Joint 69th Annual Southeastern / 55th Annual Northeastern Section Meeting - 2020

Paper No. 60-6
Presentation Time: 8:00 AM-12:00 PM

APATITE AS A HALOGEN TRACER IN THE MIGMATITE-GRANITE COMPLEX OF SOUTHERN MAINE


RAPPLEYE, Sarah1, TOMASCAK, Paul1, NACHLAS, William O.2 and SOLAR, Gary S.3, (1)SUNY Oswego, Oswego, NY 13126, (2)Department of Earth Sciences, Syracuse University, 204 Heroy Geology Laboratory, Syracuse, NY 13244, (3)Department of Earth Sciences, SUNY Buffalo State, 1300 Elmwood Avenue, Buffalo, NY 14222

Apatite is a minor mineral that plays a major role in fluorine and chlorine cycling in granitic systems. The concentrations of halogens in apatite reflect halogen content of evolving magmatic systems, so apatite may be used as a tracer. This study uses apatite to examine halogen fractionation during the penecontemporaneous parts of the crustal melting process. We use a well-studied sample from a suite of migmatites from southern Maine for this investigation. Migmatites are witness to some part of the melting process, and so understanding their chemical compositions helps us reconstruct the generation, segregation, and transport of crustal magmas.

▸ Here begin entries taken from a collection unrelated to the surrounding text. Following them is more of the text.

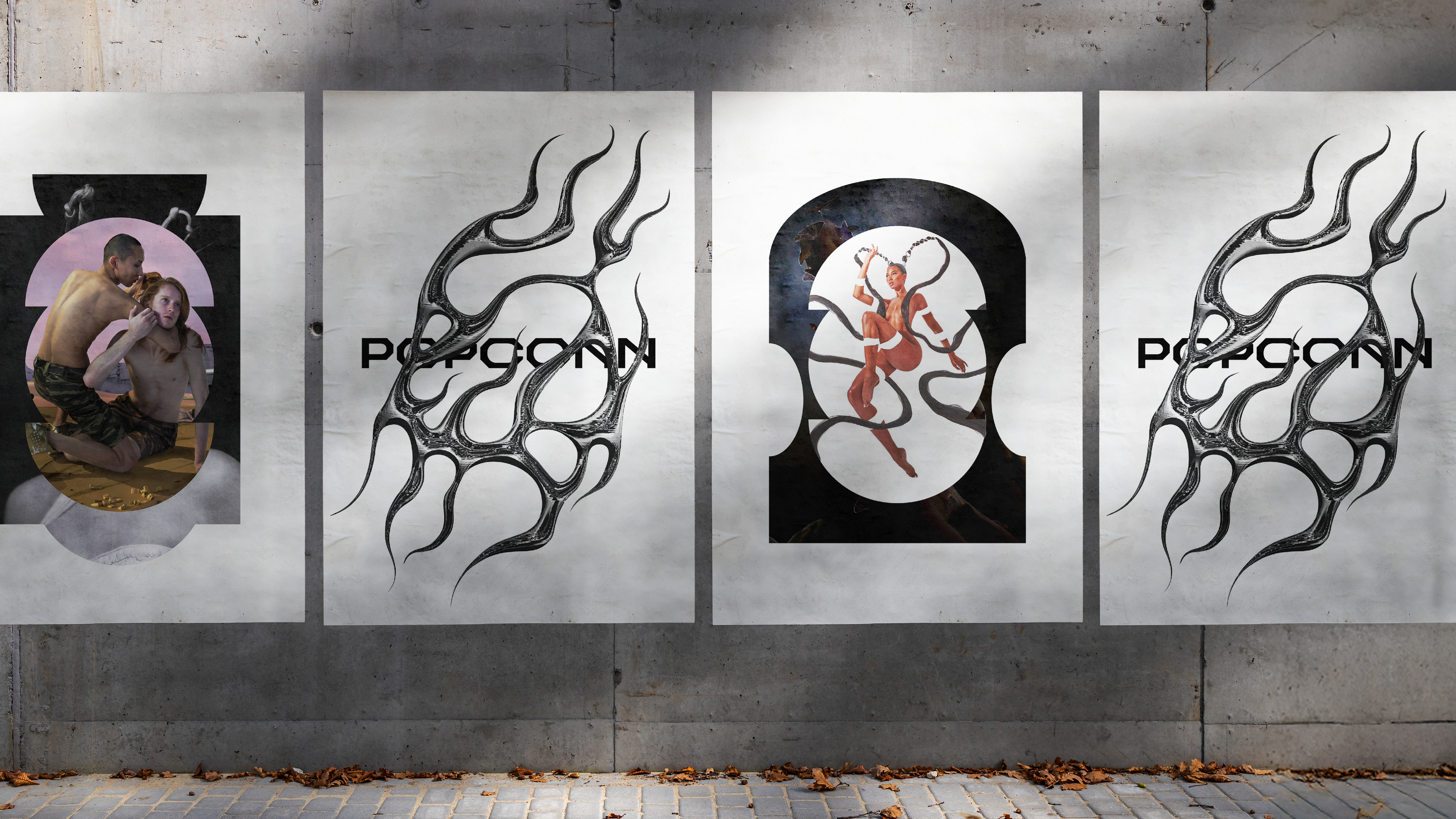 A set of ever evolving and unique forms have been created to frame artworks. This allows POPCONN to maintain a strong brand position that is never diluted or diminished by a contributor’s work. The forms can be massed and layered to create endless combinations that are instantly recognisable across the brand’s ecosystem – from digital to merchandise and built environments.
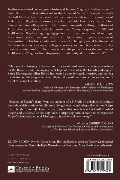 In this serial work of religious historical fiction, Magda, a "fallen woman" from Berlin turned maidservant in the house of Soren Kierkegaard, seeks the full life that has thus far eluded her. Two journals set in the summer of 1847 record Magda's responses to the Luther Bible, Goethe's Faust, and her elusive yet compelling master, who is simultaneously crafting his Works of Love. Three journals set in the fall, winter, and "people's spring" of 1847 and 1848 reflect Magda's ongoing engagement with secular and sacred writings, her sporadic yet intimate interactions with her master, the precariousness of her position in his household, and the rapidly changing social landscape, at the same time as Kierkegaard begins, revises, or completes several of his most existential and prophetic works. A sixth journal set in the summer of 1848 reveals Magda's final disposition. Is she judged, or is she saved?
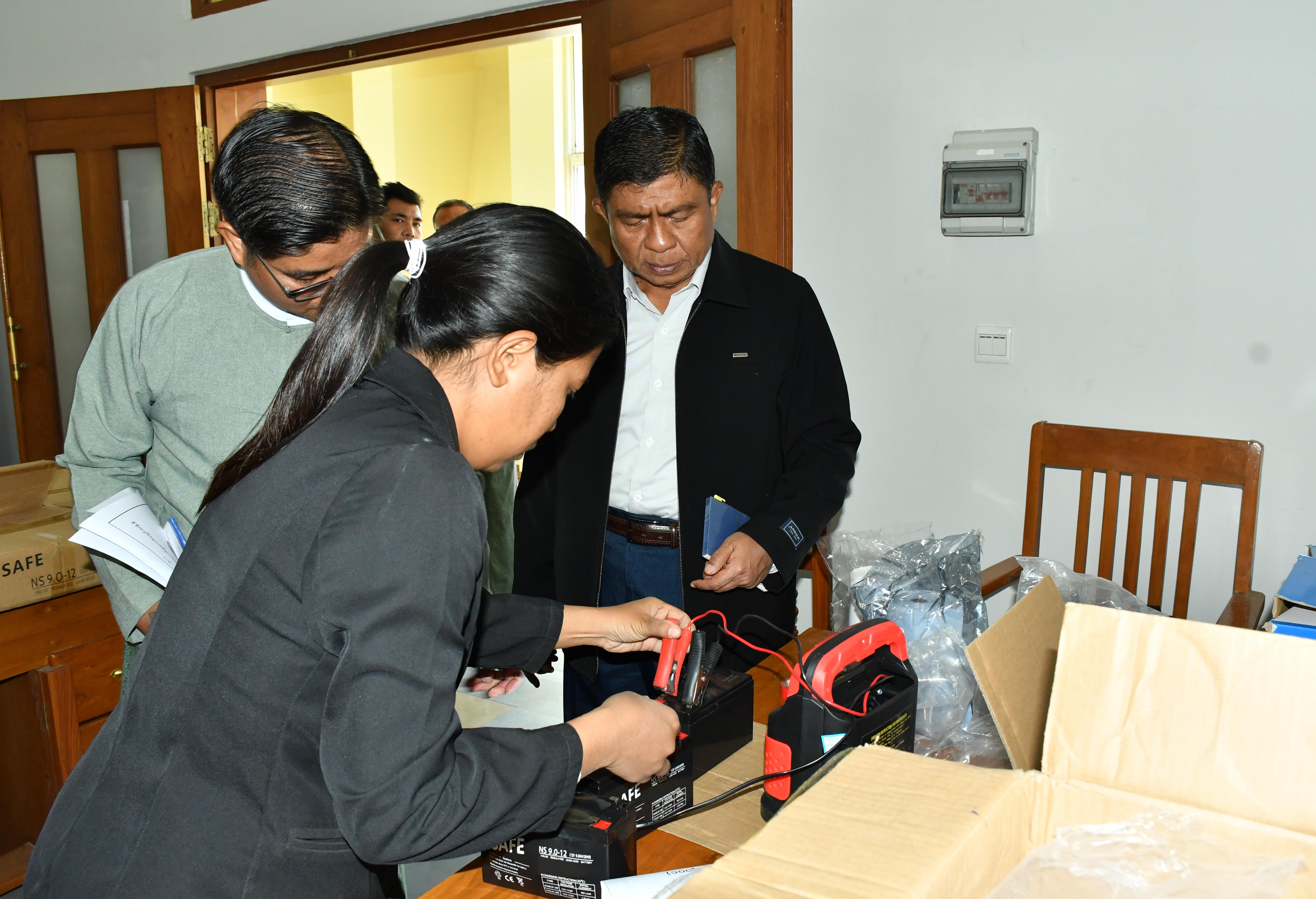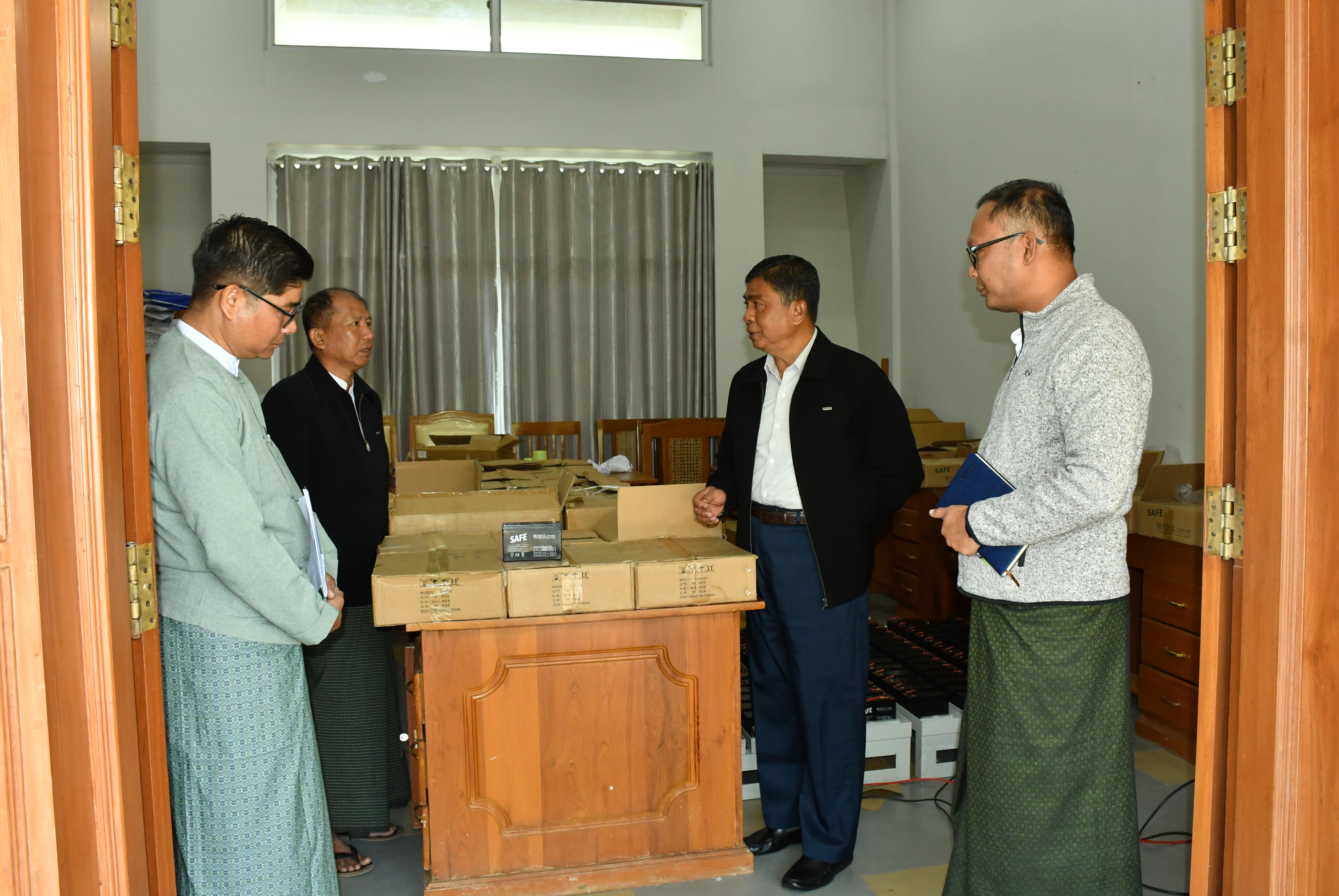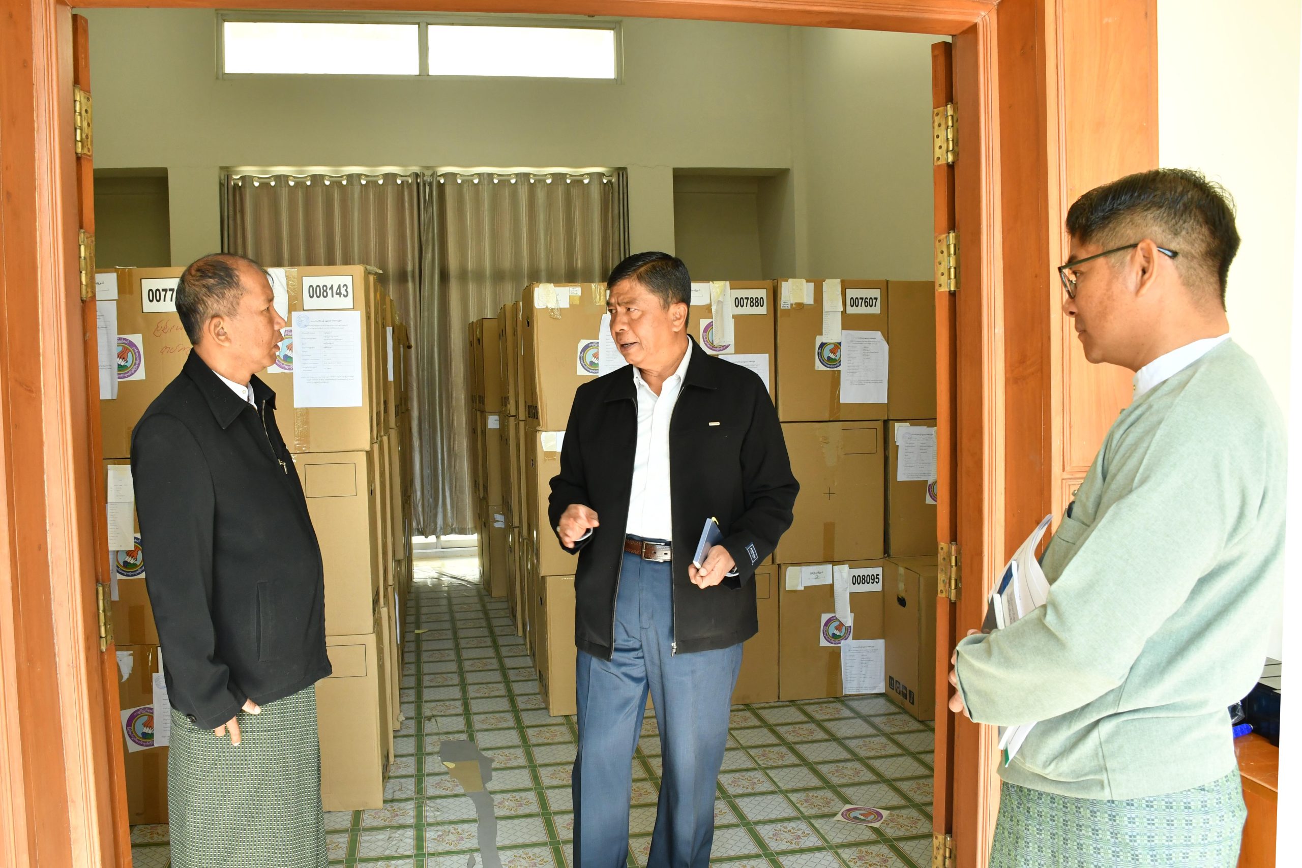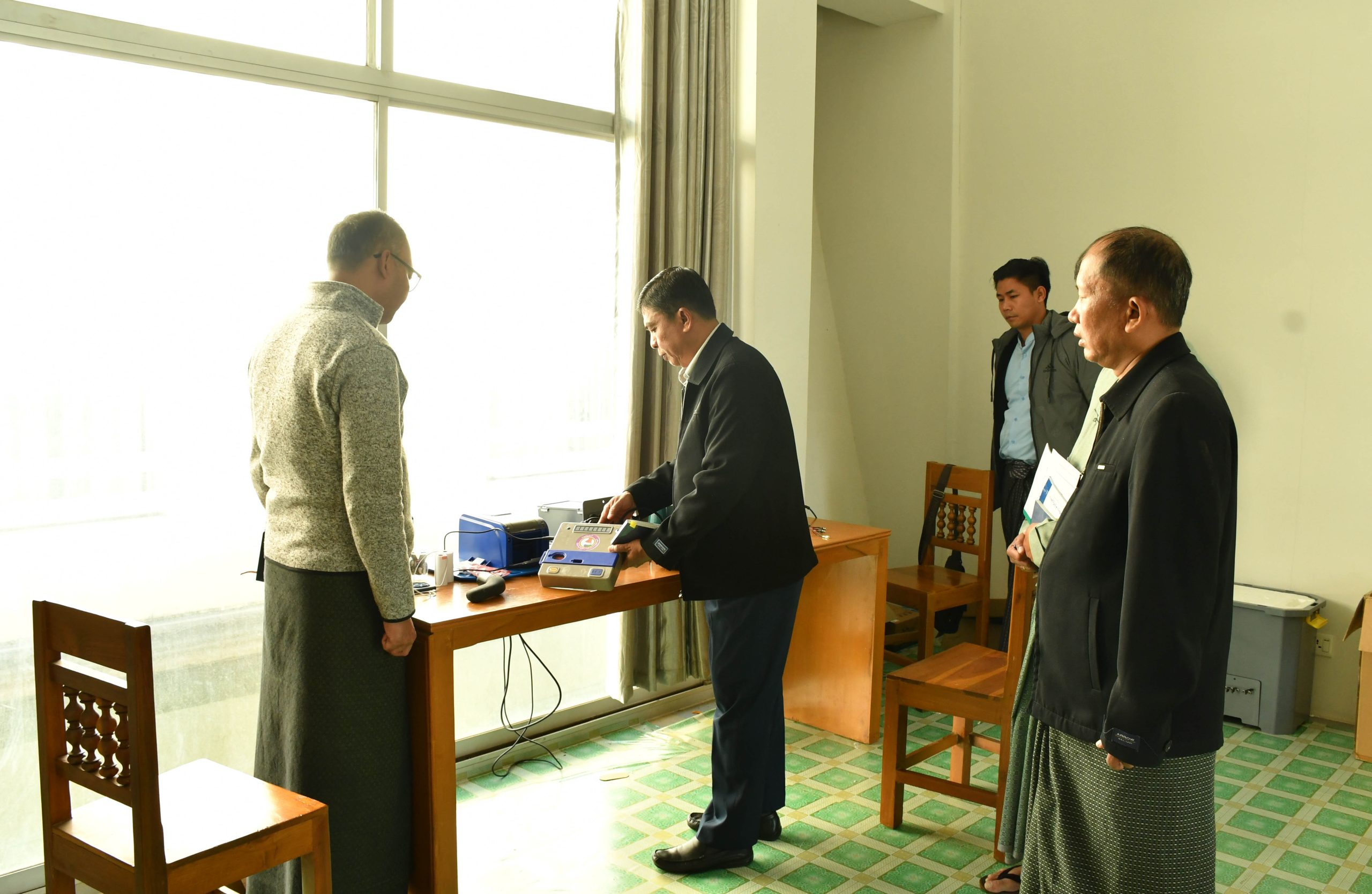 ရှေးဦးစွာ ပြည်နယ်တာဝန်ခံနှင့် တာဝန်ရှိသူများသည် ပြည်နယ်လွှတ်တော်ရုံး၌ မြန်မာအီလက်ထရောနစ် မဲပေးစက်များနှင့် ဆက်စပ်ပစ္စည်းများကို တာဝန်ရှိသူများက စနစ်တကျစစ်ဆေး၍ ပြန်လည်အပ်နှံထားရှိမှုအခြေအနေများနှင့် မဲပေးစက်တွင် အသုံးပြုခဲ့သည့်(၁၂)ဗို့ ဘက်ထရီအိုးများကိုပြန်လည်အားသွင်း၍ စစ်ဆေးဆောင်ရွက်နေမှုအခြေအနေများကို လှည့်လည်ကြည့်ရှုစစ်ဆေးခဲ့ကာ လိုအပ်သည်များကို တာဝန်ရှိသူများနှင့် ပေါင်းစပ်ညှိနှိုင်းဆောင်ရွက်ပေးခဲ့သည်။

We analyzed apatite in situ with wavelength dispersive electron probe microanalysis using a Cameca SX5. This study concentrates on apatite from two distinct parts of a single sample from the Devonian migmatite-granite complex, taken in Cumberland, Maine. In the migmatite we identify a leucosome dominated by igneous-texture feldspar and quartz and more gneissose mesosomes, enriched in biotite and muscovite. Previous bulk chemical analysis of the two parts of these migmatite samples suggest that the leucosome represents the early-crystallized feldspar that clogged a thermally decaying melt escape network.

Apatite grains from both parts of the migmatite range from euhedral to subhedral, slightly elongate with diameters ranging from 0.04-0.25 mm. In some samples they occur as clusters of crystals. Multiple apatite grains (total of 115 spot analyses) from the leucosome yield ranges of F and Cl of 3.03-4.98 wt. % (avg. = 3.93 wt. %) and 0.057-0.28 wt. % (avg. = 0.17 wt. %), respectively. Fluorine and Cl concentrations of multiple grains (279 spots) from the mesosome were 3.05-4.93 wt. % (avg. = 4.01 wt. %) and 0.004-0.067 wt. % (avg. = 0.027 wt. %) respectively. The average F/Cl for grains from the leucosome is 28 whereas mesosome grains average 209, similar to the mean value for apatite from two-mica granite from this area (c. 331), which are similarly Cl-poor. The difference in ratios between leucosome and mesosome suggests a variation in melt composition at the different stages of melting and melt segregation in this rock.